BigRed - I've actually heard about a fair number of injuries due to barefoot/minimalist running as well, due to people not knowing how to properly run, place the foot, and allowing the foot to adjust to it's new role.

Pillowthread - my "interpretation" was a rushed attempt to describe my overall refusal to jump into fads, new trends, or healthy movements that seem to be all the rage lately. They bug me. I'm not entirely sure if there are any proven benefits to barefoot/minimalist running and hiking. I am always skeptical of these new things, and part of the reason they bug me is when people become hardcore and swear by these new methods without any real evidence to back up the claims.

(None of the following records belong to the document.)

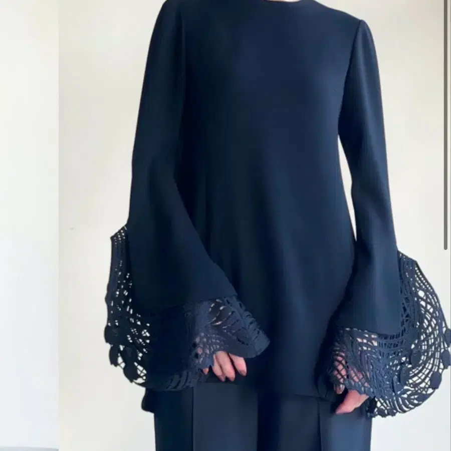 이번 시즌 마메쿠로구치 엠브로이더리 커프스 탑 - 블랙
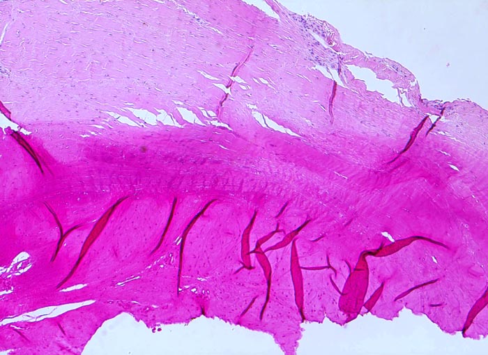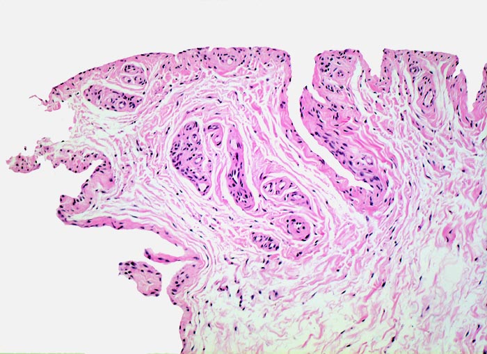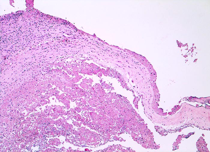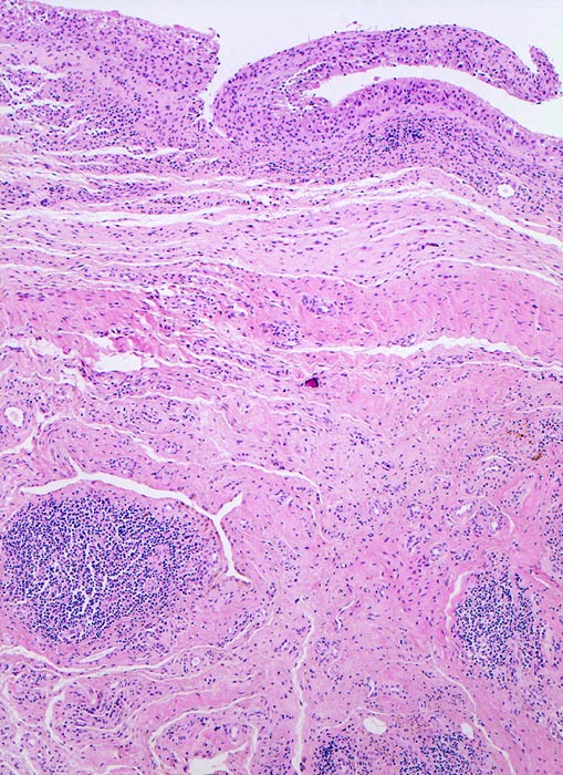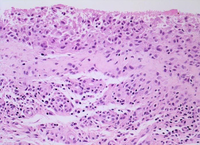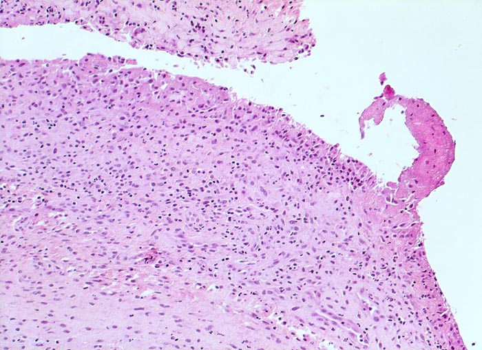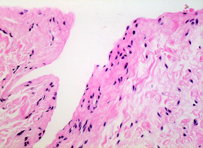 Typische histologische Veränderungen sind eine synoviale Zottenhyperplasie, Verbreiterung der Deckzellschicht unter Einschluss mehrkerniger Riesenzellen, Fibrinexsudate und synoviale Ulzerationen, Infiltrate von Lymphozyten teils in Form von Lymphfollikeln, Plasmazellen, neutrophilen Granulozyten, Makrophagen und Siderophagen, sowie Einschlüsse von Knorpel- und Knochenfragmenten (Detritussynovialitis). Die histologischen Befunde der Synovialis korrelieren oft nicht mit den klinischen Angaben. Trotz fortgeschrittener Gelenkdestruktion mit ausgeprägter klinischer Symptomatik können Synovialektomiepräparate nur sehr geringe pathologische Veränderungen zeigen. Oft ist auch nicht mehr zu eruieren, welche Läsionen Folge der Grundkrankheit und welche Folge diverser intraartikulärer Therapien oder begleitender Superinfektionen sind.
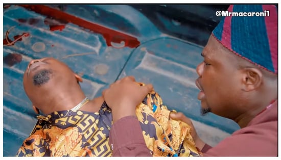 The skit features Mr. Macaroni as the “Daddy”, a dismissive father representing older-generation skepticism toward the #EndSARS protests, alongside his daughter Motunde, who seeks to join the movement, and his son Richard, who becomes a victim of SARS brutality (see Figure 5). The narrative unfolds as Mr. Macaroni mocks the protesters, labeling them “criminally minded” youths flaunting wealth without “9–5” jobs, while casually greeting SARS officers who reinforce his views. The tone shifts dramatically when the officers reveal a slain “criminal” in their truck, identified by Motunde as her brother, Richard. A flashback revealed Richard’s fatal encounter with SARS, triggered by his “shiny jewelry”, exposing the arbitrary violence Daddy had denied. Stricken, Daddy confronts the officers, holding his son’s body in a wrenching reversal of his earlier stance (see Appendix A for the full transcript).
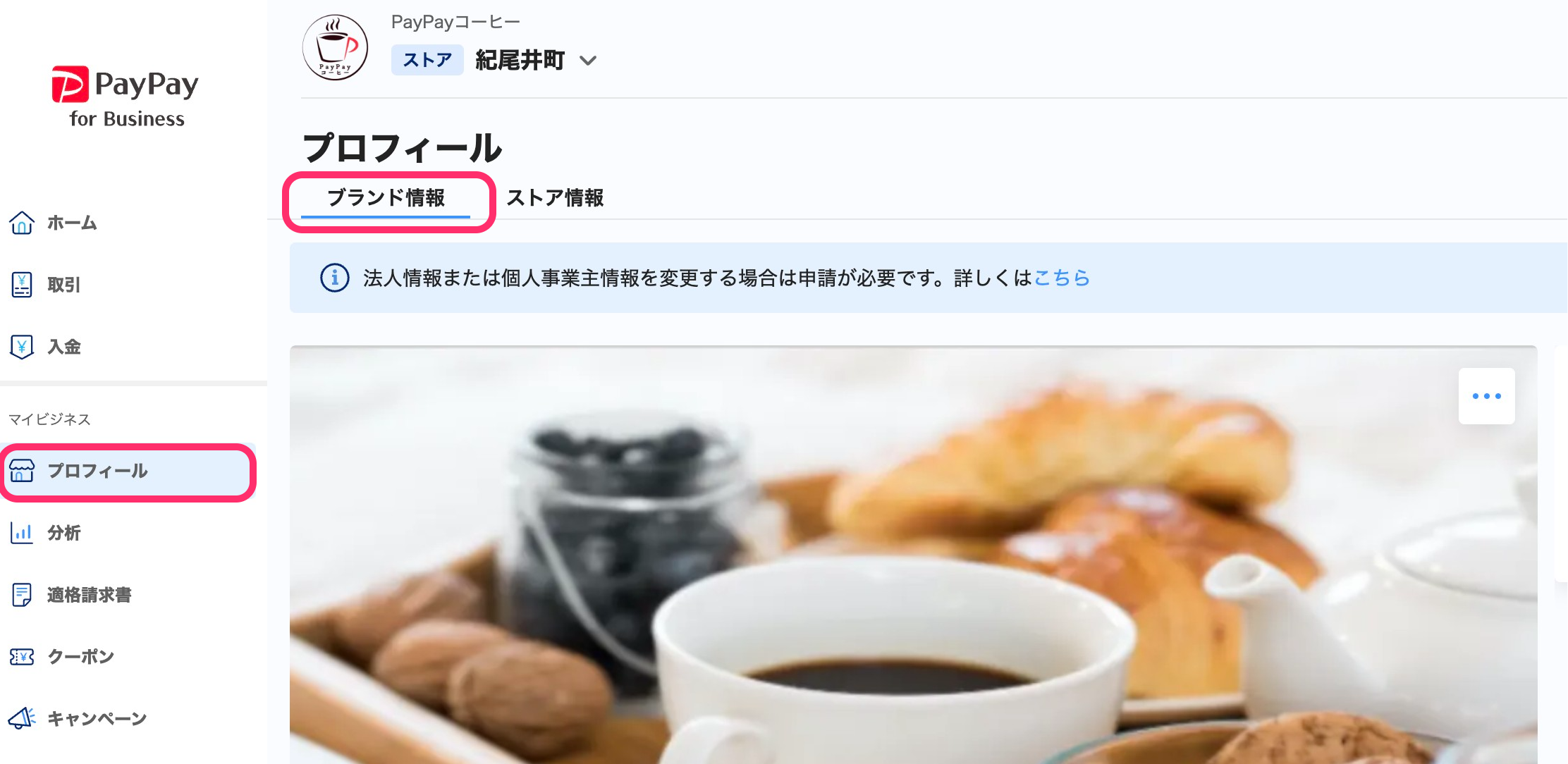 登録している加盟店の情報は、PayPay for Businessで確認できます。
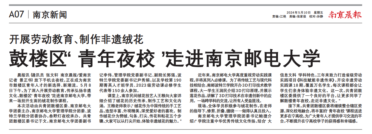 【南京晨报】鼓楼区“青年夜校”走进南京邮电大学
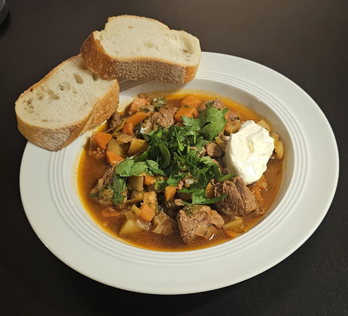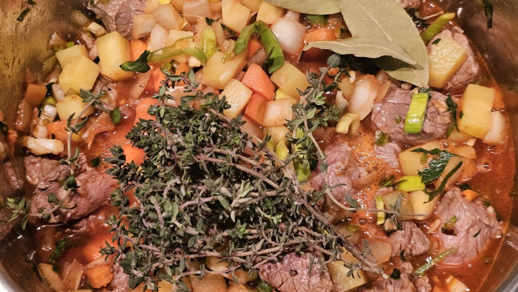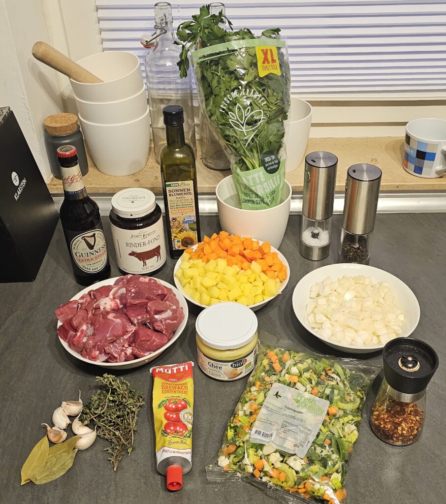 In heißem Butterschmalz (alternativ hoch erhitzbares Öl) brate ich 1 kg Lammgulasch scharf an, ich habe es nicht so mit Hammel. Das Fleisch nehme ich dann heraus und stelle es im Ofen warm. Dann gebe ich etwas Sonnenblumenöl in den Topf und brate darin unter Zugabe von zwei gehäuften Esslöffeln Tomatenmark drei kleingeschnittene Zwiebeln, etwas gehackten Knoblauch, eine große Packung Suppengrün (siehe Foto) und eine Handvoll gewürfelter Karotten sowie zwei Handvoll gewürfelter Kartoffeln an. Dann gebe ich das Fleisch wieder dazu und lösche alles mit einem Glas Rinderfond und einer kleinen Flasche Guinness ab, salze und pfeffere das ganze, gebe ein paar Chiliflocken (ersatzweise Cayennepfeffer) dazu, versenke zwei Lorbeerblätter und ein paar Zweige Thymian und schmore das Ganze etwa eine Stunde lang im Schnellkochtopf; im klassischen Topf oder Bräter dauert es dann eher zweieinhalb Stunden. Thymian und Lorbeer rausfischen, abschmecken, ggf. mit etwas Mehlbutter binden (ich mag es lieber flüssig), viel gerupfte Petersilie drauf und ab auf den Tisch. Baguette und der Klacks Crème fraîche sind jetzt auch nicht typisch irisch, aber wir sind ja in Europa 🙂
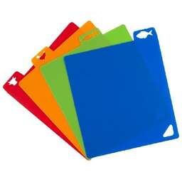 Набор досок 4 шт Размер: 32,5*27 см. Матерал: пластик Упаковка: п/э пакет с биркой - двухсторонняя рабочая поверхность; - не впитывает запахи; - леко сгибается; - не тупит ножи

It really is nothing personal, I'm not even sure why it irks me so much. I have the same reaction to fad diets, particularly the Paleo diet. We've all got our quirks, we've all got our pet peeves, this is just one that I'm ok with admitting to. 

No harm in liking it if it works for you, but I won't hold back from sharing my opinions on it either. I see more benefits for myself WITH shoes or boots, than without. I can do more with them than someone can do without them, so I don't know why I'd want to give that up just to say I'm trying to be more natural. It's not for me. But hey, if you learn how to strap crampons onto your bare feet and climb ice, snow, and rock slopes, please please teach me how.

9:38 p.m. on February 14, 2013 (EST)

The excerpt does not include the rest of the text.